張媽媽目光平和的看着眼前發生的一切。不動,不說話。
菊花看似平淡的一揮手,土狗的身子斜着飛了出去,狗頭直接撞在了牆上,**崩流,一點聲音都沒有發出來。
花紅的液體順着白牆流了下來,讓這個院子變得非常恐怖。
“你過分了。”張媽媽終於開口。
“張媽媽,張點若的僕人,一直隱居在此。”菊花冷冷的說。
張媽媽心頭一哆嗦,倒不是在意自己的生死,是在意九月。
“我這裡不歡迎畜生。”張媽媽從煙盒裡拿出來一隻黃鶴樓。
喜歡上黃鶴樓這個牌子,是源於一首詩:
昔 人 已 乘 黃 鶴 去,
此 地 空 餘 黃 鶴 樓。
黃 鶴 一 去 不 復 返,
白 雲 千 載 空 悠 悠。
晴 川 歷 歷 漢 陽 樹,
芳 草 萋 萋 鸚 鵡 洲。
日 暮 鄉 關 何 處 是,
煙 波 江 上 使 人 愁。
說不清爲什麼,就是喜歡,每當在心裡面想起來這首詩的時候,張媽媽總會點上一隻煙,或抽,或不抽,但是一定要點上一隻。

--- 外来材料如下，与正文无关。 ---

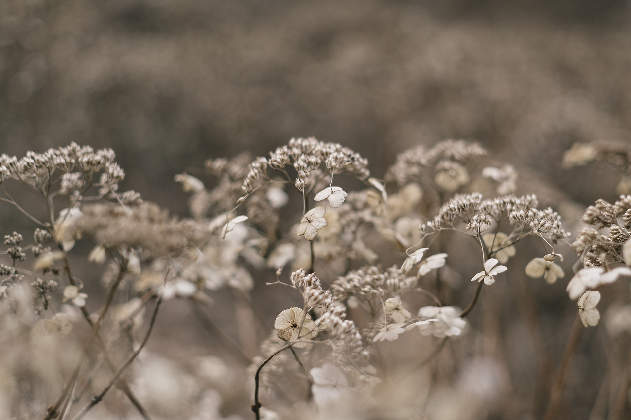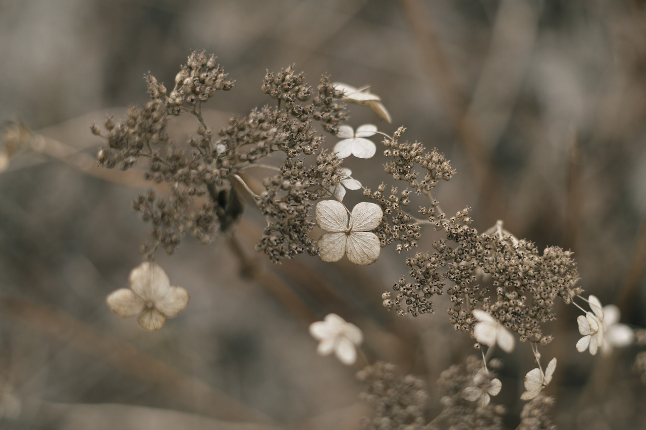 빛나던 날의 아름다움이 모두 탈색되어, 화석처럼 남아 있는 수국들이 보였다. 채도만 빠졌을 뿐 형태는 만개할 때와 차이가 없었다.
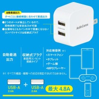 ● USB Type-A×2ポート搭載、最大出力4.8A

她感覺這一輩子都被寫進了那首詩裡面,白雲千載空悠悠,最後落得一個空子,可能從今以後自己再也不能看見九月叱吒風雲,像她父親母親那樣縱橫於四海了。
“黃滿銀在哪裡。”菊花用一個非常彆扭的姿勢站着,在陽光下。
陽光已經到了頭頂,影子變得非常的短。
“你問錯人了。”張媽媽笑了笑,笑的雲淡風輕。
“別讓我再說第二次。”菊花恬淡而寧靜。
“真是掃興。”張媽媽狠狠地抽了一口煙。
菊花謹慎,雙手一上一下,上面的抓張媽媽的喉嚨,下面的打張媽媽的小腹,姿勢彆扭的要命。
就在這時候,張媽媽突然雙眸一亮,目光裡偷着刺骨的寒意。
匕首握在手裡,沒有看着太好看的姿勢,往前一遞,重要的在於一個快字。
這一手,嚇得菊花一身冷汗。大叫不好。